(WHAT THE TASK ASKS): Transcribe, exactly and without pictures, the lines below from the line with "Colorful painting of" to the line with "With this being", both ends included, and no others.

(DATASET EXTRACT):
■ ■ ■
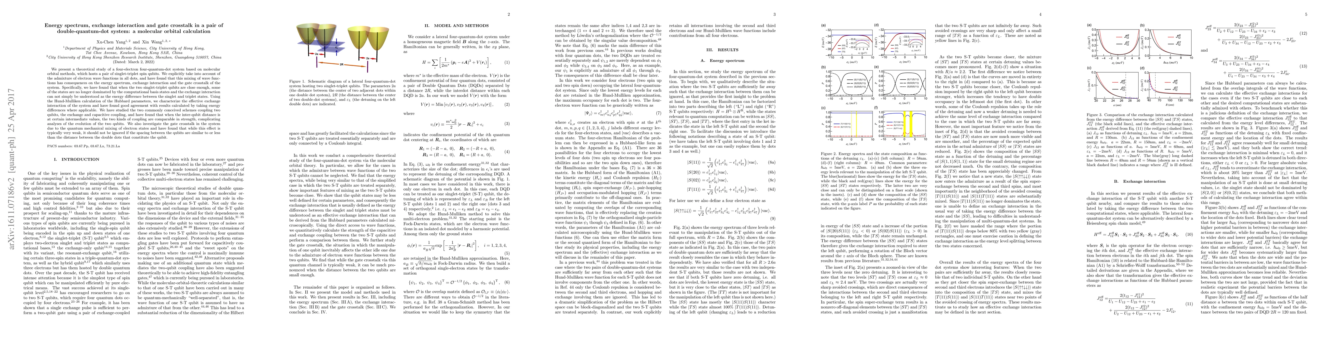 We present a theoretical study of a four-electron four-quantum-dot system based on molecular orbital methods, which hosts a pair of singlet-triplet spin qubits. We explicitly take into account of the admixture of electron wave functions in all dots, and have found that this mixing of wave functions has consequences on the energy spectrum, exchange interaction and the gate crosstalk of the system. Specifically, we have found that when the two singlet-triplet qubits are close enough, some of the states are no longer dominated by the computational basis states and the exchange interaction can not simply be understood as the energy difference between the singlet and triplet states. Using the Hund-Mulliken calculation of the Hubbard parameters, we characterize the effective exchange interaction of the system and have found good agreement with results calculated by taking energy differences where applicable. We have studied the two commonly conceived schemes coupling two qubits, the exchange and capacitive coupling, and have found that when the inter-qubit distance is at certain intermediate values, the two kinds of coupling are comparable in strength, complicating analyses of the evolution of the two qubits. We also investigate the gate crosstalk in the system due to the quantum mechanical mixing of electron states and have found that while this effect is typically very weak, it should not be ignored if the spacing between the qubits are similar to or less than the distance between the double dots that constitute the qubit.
■ ■ ■
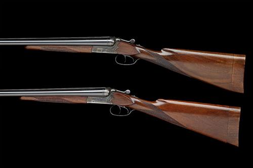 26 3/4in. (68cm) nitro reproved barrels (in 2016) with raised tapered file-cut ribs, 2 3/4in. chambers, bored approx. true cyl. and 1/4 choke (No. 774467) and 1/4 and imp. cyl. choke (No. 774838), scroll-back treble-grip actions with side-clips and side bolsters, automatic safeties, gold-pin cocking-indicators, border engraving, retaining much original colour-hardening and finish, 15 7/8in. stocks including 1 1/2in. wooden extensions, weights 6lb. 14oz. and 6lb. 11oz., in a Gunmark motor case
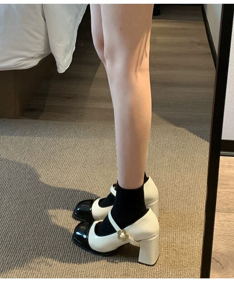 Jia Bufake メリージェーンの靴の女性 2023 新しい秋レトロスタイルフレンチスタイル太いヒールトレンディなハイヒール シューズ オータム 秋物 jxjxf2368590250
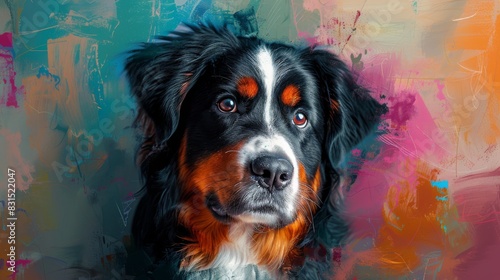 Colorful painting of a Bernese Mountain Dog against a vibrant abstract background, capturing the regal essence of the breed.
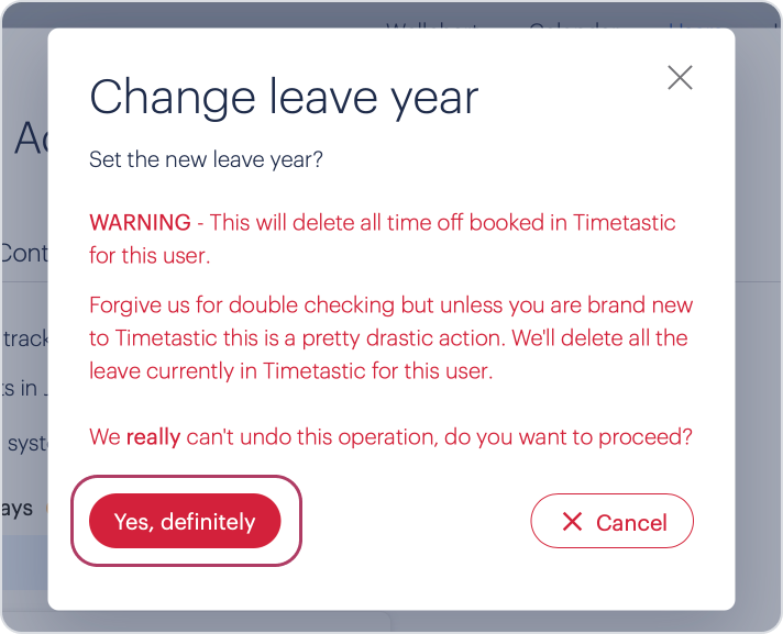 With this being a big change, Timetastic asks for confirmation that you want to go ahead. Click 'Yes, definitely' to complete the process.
■ ■ ■
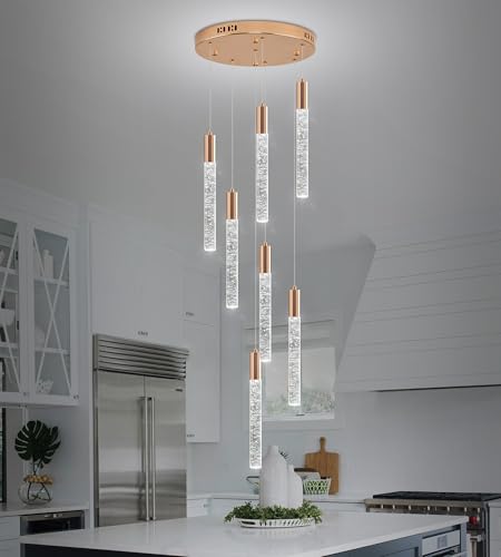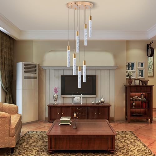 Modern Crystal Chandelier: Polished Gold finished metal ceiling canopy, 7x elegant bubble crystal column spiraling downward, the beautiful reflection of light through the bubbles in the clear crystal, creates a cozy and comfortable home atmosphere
■ ■ ■
(RESPONSE BELOW):
 Colorful painting of a Bernese Mountain Dog against a vibrant abstract background, capturing the regal essence of the breed.
 With this being a big change, Timetastic asks for confirmation that you want to go ahead. Click 'Yes, definitely' to complete the process.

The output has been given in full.